Thread: PostgreSQL as a triple store

PostgreSQL as a triple store

From
Jimmy Thrasibule
Date:

Hello,

I'm looking into gathering information about geographical locations:

- Coordinates
- Place name
- Pictures
- etc.

Since a place can be anything, a specific place may  need any kind of data type to be described.

I'm therefore looking into using the same method as the semantic Web and trying to describe a place with triples.

1. The "triples" table will reference a subject, attribute and value.
2. The "attributes" table will have an attribute name, a type and mauve a table name.
3. For each attribute type, a new table is created to store the values.
4. A "resources" table list all the available resources (location, picture, ...).

Using this, I can easily add a new resource and describe it by adding new triples. Every item is identified using UUIDs as primary key.

This seems too simple to be true so I falling back to you in case you see any pitfalls here.

The "triples" table will grow very fast in this setup and may become a bottleneck.
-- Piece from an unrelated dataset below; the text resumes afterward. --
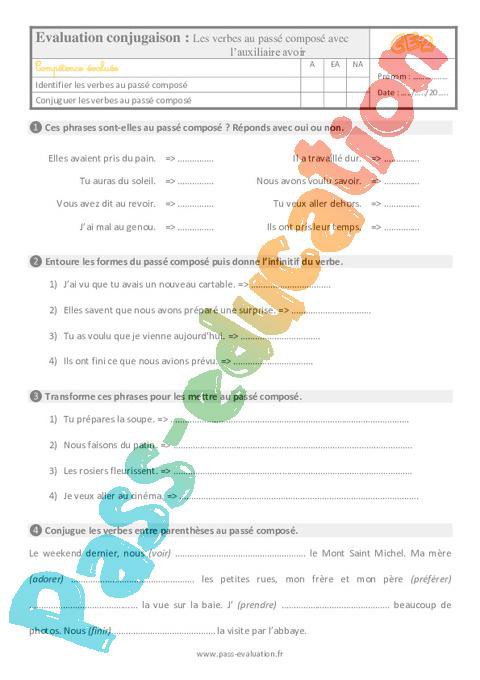 Evaluation – Ce2 – Les verbes au passé composé avec l’auxiliaire avoir pdf

However, I don't see any other way to store information about something as wide as places around the world.

Regards,
Jimmy

Re: PostgreSQL as a triple store

From
Chris Travers
Date:
Is there a reason why hstore or json is not an option?  That may work a lot better than this approach.

Another approach I have had is a set of additional catalog tables and dynamically adding/removing columns from an extended attributes table.



On Tue, Aug 12, 2014 at 6:19 AM, Jimmy Thrasibule <thrasibule.jimmy@gmail.com> wrote:

Hello,

I'm looking into gathering information about geographical locations:

- Coordinates
- Place name
- Pictures
- etc.

Since a place can be anything, a specific place may  need any kind of data type to be described.

I'm therefore looking into using the same method as the semantic Web and trying to describe a place with triples.

1. The "triples" table will reference a subject, attribute and value.
2. The "attributes" table will have an attribute name, a type and mauve a table name.
3. For each attribute type, a new table is created to store the values.
4. A "resources" table list all the available resources (location, picture, ...).

Using this, I can easily add a new resource and describe it by adding new triples. Every item is identified using UUIDs as primary key.

This seems too simple to be true so I falling back to you in case you see any pitfalls here.

The "triples" table will grow very fast in this setup and may become a bottleneck. However, I don't see any other way to store information about something as wide as places around the world.

Regards,
Jimmy




--
Best Wishes,
Chris Travers

Efficito:  Hosted Accounting and ERP.  Robust and Flexible.  No vendor lock-in.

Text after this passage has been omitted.